[Dataset excerpts]
:::::
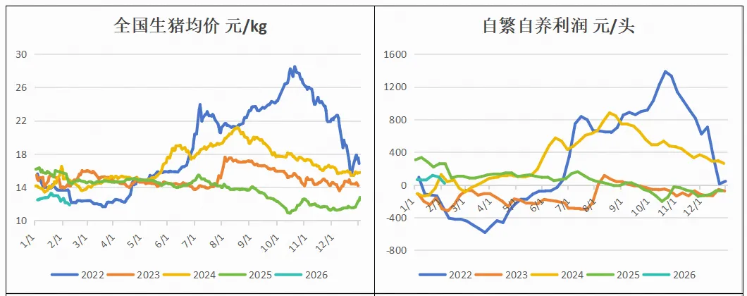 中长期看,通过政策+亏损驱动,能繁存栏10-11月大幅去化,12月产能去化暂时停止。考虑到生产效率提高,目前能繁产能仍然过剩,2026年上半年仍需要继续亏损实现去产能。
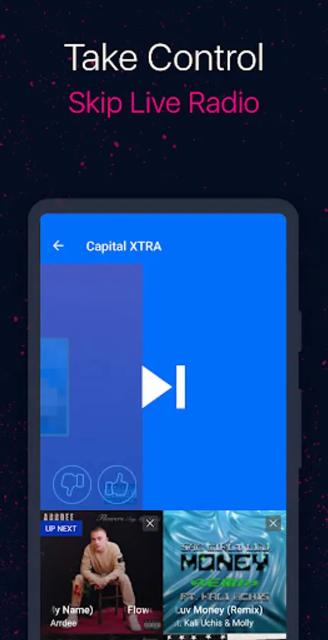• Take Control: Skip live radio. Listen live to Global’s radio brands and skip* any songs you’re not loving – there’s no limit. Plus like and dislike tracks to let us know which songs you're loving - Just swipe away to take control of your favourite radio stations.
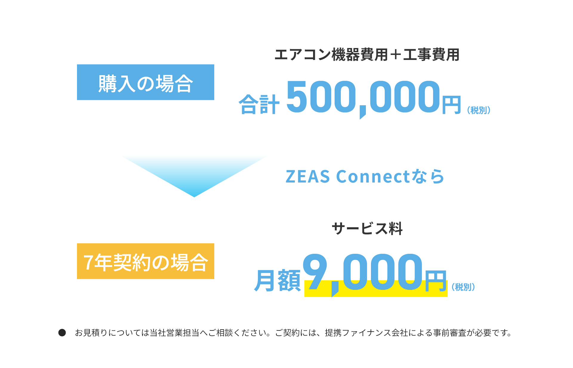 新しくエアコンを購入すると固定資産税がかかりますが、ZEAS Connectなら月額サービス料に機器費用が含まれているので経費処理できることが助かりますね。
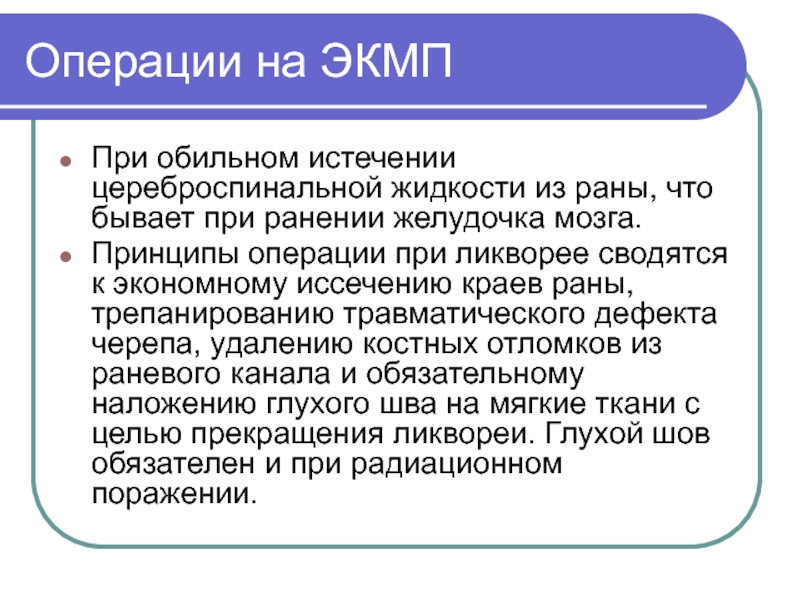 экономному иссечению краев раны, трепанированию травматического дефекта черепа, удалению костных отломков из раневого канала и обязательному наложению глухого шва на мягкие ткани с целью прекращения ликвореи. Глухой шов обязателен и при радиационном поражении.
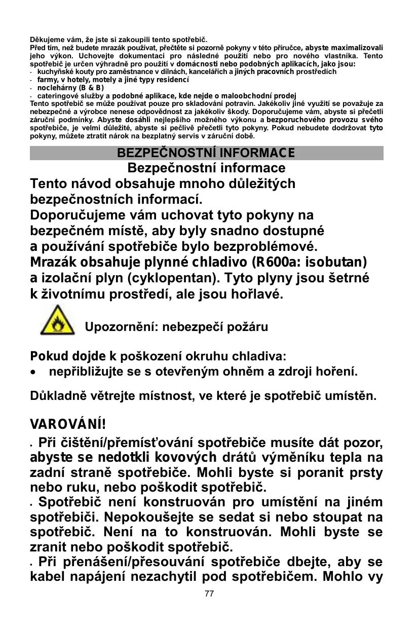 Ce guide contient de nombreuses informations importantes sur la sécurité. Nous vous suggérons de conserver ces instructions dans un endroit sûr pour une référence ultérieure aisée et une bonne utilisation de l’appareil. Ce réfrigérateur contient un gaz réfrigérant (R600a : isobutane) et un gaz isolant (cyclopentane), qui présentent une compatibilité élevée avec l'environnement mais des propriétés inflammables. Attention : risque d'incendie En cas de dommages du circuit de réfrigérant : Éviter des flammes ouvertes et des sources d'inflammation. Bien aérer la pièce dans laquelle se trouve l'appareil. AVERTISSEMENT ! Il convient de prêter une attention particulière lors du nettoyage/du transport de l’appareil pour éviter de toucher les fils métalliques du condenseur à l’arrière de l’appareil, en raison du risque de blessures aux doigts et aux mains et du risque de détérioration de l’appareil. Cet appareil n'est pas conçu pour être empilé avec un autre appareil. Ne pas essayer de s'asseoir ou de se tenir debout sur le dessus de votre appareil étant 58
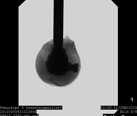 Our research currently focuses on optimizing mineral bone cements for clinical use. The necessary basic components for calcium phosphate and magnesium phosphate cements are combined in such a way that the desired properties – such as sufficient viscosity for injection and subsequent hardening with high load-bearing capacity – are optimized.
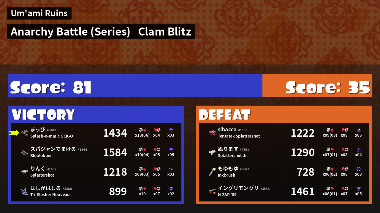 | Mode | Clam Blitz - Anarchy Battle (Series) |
:::::
What you have to do —
Print the entries above exactly, taking out only the pictures.

Exercise answer —
 中长期看,通过政策+亏损驱动,能繁存栏10-11月大幅去化,12月产能去化暂时停止。考虑到生产效率提高,目前能繁产能仍然过剩,2026年上半年仍需要继续亏损实现去产能。
• Take Control: Skip live radio. Listen live to Global’s radio brands and skip* any songs you’re not loving – there’s no limit. Plus like and dislike tracks to let us know which songs you're loving - Just swipe away to take control of your favourite radio stations.
 新しくエアコンを購入すると固定資産税がかかりますが、ZEAS Connectなら月額サービス料に機器費用が含まれているので経費処理できることが助かりますね。
 экономному иссечению краев раны, трепанированию травматического дефекта черепа, удалению костных отломков из раневого канала и обязательному наложению глухого шва на мягкие ткани с целью прекращения ликвореи. Глухой шов обязателен и при радиационном поражении.
 Ce guide contient de nombreuses informations importantes sur la sécurité. Nous vous suggérons de conserver ces instructions dans un endroit sûr pour une référence ultérieure aisée et une bonne utilisation de l’appareil. Ce réfrigérateur contient un gaz réfrigérant (R600a : isobutane) et un gaz isolant (cyclopentane), qui présentent une compatibilité élevée avec l'environnement mais des propriétés inflammables. Attention : risque d'incendie En cas de dommages du circuit de réfrigérant : Éviter des flammes ouvertes et des sources d'inflammation. Bien aérer la pièce dans laquelle se trouve l'appareil. AVERTISSEMENT ! Il convient de prêter une attention particulière lors du nettoyage/du transport de l’appareil pour éviter de toucher les fils métalliques du condenseur à l’arrière de l’appareil, en raison du risque de blessures aux doigts et aux mains et du risque de détérioration de l’appareil. Cet appareil n'est pas conçu pour être empilé avec un autre appareil. Ne pas essayer de s'asseoir ou de se tenir debout sur le dessus de votre appareil étant 58
 Our research currently focuses on optimizing mineral bone cements for clinical use. The necessary basic components for calcium phosphate and magnesium phosphate cements are combined in such a way that the desired properties – such as sufficient viscosity for injection and subsequent hardening with high load-bearing capacity – are optimized.
 | Mode | Clam Blitz - Anarchy Battle (Series) |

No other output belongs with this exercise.